4: Wear some quality footwear. Yep, this is the one time of the year your over-sized camouflage cargos, tucked in polo, matching Callaway hat, brown belt and red sneakers is the perfect outfit for the day. If you can’t find a matching belt for your red sneakers, don’t worry – no-one cares. Comfort is everything.

5: Work out your hours of operation. Are you going to be here for the first ball struck and last putt sunk? Good luck, because it’s a long, long day (bring a chair) if you want to see everything. We can recommend gentleman’s hours – a nice breakfast, juice, second cup of coffee and making sure you get here by the time the players make the turn.
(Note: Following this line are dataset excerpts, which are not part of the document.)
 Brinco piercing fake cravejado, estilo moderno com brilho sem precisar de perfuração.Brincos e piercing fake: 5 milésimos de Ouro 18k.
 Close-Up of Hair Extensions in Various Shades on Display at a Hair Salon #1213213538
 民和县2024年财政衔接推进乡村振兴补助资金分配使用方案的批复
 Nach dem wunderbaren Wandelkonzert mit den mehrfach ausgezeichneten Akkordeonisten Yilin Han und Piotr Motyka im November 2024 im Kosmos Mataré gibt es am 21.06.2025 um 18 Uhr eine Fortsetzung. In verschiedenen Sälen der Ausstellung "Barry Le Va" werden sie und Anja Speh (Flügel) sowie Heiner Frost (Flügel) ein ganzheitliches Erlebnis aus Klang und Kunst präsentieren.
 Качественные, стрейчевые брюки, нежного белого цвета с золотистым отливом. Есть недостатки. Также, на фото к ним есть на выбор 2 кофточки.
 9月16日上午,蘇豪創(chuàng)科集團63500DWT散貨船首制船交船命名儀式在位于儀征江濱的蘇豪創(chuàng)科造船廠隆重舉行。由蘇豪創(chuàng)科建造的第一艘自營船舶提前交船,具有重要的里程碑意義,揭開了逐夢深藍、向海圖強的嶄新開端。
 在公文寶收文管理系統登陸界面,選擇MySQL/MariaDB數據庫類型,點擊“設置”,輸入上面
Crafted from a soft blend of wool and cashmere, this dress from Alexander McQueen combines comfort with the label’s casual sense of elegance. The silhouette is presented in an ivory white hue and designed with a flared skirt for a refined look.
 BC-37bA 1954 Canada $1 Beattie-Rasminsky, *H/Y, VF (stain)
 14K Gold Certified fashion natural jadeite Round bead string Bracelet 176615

That way you won’t miss the most thrilling part of the rounds as players try everything to get in front before the 18th.

Hideki Matsuyama looks to hole a putt on the fourth.
Hideki Matsuyama looks to hole a putt on the fourth.

6: Also bring just a small backpack, not the 7kg fully-loaded behemoth you load into hand luggage. You need to travel light, so pick your ingredients with mobility in mind: sunscreen, sunglasses, course map, water bottle, your wallet (there’s plenty of awesome food here), some headache tablets (it’s dry work), some headache tablets (if you’re in a corporate box), your mobile phone (for emergencies like locating toilets) and that’s about it. Your bags will be checked, and you’ll need a pretty good excuse to get a large bag through checkpoints.

7: Last but not least, do your homework. Think strategically. These groups come through in waves, so the best thing to do is pick a spot on a hole ahead of all the groups and wait it out. Then you’ll see everyone play through, and you can pack up and jump ahead again. You’ll be thankful for that fold-up chair as well.